* _About this task_: Nothing but the lines from the one with "Ảnh: TRỌNG ĐỨC" down to the one with "ಬೆಂಗಳೂರು | ಖಾಸಗಿ" should be returned, exactly and with both ends included, from the material below.

* _Data for the task_:
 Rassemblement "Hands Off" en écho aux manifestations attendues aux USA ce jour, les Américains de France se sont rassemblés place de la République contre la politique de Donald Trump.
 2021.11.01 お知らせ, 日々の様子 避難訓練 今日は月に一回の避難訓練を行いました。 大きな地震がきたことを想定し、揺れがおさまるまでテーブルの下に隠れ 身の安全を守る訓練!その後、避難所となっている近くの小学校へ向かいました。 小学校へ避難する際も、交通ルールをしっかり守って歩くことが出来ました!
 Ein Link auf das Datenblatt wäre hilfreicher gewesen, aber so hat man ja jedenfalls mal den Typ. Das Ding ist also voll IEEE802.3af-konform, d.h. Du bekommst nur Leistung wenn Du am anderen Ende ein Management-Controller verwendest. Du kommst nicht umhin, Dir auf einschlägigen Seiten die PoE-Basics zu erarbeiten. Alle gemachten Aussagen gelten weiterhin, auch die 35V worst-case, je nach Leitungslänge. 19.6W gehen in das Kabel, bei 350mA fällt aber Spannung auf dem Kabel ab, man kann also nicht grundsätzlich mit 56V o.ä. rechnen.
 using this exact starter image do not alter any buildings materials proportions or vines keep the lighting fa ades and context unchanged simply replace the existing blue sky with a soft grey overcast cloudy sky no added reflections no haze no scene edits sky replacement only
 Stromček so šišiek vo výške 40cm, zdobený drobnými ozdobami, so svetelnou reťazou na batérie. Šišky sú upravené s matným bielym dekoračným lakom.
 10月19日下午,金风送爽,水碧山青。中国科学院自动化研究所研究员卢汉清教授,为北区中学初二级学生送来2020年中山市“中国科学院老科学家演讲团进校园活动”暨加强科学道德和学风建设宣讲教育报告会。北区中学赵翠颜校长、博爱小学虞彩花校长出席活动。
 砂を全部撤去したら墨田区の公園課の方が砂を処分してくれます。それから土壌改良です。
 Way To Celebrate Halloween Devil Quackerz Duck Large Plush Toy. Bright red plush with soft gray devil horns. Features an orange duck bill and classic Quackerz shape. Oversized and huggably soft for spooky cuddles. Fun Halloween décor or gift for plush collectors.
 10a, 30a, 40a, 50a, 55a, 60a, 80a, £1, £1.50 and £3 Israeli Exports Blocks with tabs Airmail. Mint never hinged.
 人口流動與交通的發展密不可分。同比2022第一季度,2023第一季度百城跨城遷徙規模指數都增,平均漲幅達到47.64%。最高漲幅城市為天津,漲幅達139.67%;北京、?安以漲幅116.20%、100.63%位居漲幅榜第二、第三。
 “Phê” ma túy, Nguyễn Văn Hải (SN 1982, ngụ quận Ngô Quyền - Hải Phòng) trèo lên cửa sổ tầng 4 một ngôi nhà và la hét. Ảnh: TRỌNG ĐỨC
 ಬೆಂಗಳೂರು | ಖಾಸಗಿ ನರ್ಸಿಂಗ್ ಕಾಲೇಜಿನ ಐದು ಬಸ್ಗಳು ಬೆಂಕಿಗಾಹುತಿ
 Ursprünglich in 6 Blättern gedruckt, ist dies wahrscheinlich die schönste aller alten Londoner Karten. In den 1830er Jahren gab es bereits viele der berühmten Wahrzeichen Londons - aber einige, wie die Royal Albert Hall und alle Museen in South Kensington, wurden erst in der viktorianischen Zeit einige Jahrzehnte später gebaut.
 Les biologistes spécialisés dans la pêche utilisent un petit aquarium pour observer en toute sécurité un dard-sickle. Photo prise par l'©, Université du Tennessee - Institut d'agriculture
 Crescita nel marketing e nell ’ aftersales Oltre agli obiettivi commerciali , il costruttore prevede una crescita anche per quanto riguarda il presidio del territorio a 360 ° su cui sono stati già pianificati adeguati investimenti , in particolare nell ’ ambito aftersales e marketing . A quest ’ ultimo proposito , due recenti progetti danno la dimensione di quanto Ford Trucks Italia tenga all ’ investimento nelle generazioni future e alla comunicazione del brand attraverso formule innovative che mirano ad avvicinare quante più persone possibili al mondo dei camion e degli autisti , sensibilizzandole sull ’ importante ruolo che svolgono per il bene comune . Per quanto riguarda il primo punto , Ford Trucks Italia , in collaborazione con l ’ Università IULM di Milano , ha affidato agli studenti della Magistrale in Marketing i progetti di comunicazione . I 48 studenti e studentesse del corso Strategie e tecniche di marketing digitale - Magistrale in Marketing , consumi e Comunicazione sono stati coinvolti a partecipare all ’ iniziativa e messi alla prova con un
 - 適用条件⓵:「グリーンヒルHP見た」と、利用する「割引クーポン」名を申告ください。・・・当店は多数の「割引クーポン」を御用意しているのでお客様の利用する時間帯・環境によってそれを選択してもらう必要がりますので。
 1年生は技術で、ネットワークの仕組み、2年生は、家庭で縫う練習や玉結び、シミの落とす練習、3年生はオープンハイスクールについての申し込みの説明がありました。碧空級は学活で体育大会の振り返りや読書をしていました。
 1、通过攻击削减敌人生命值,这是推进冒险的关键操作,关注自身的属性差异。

* _Answer space_:
 “Phê” ma túy, Nguyễn Văn Hải (SN 1982, ngụ quận Ngô Quyền - Hải Phòng) trèo lên cửa sổ tầng 4 một ngôi nhà và la hét. Ảnh: TRỌNG ĐỨC
 ಬೆಂಗಳೂರು | ಖಾಸಗಿ ನರ್ಸಿಂಗ್ ಕಾಲೇಜಿನ ಐದು ಬಸ್ಗಳು ಬೆಂಕಿಗಾಹುತಿ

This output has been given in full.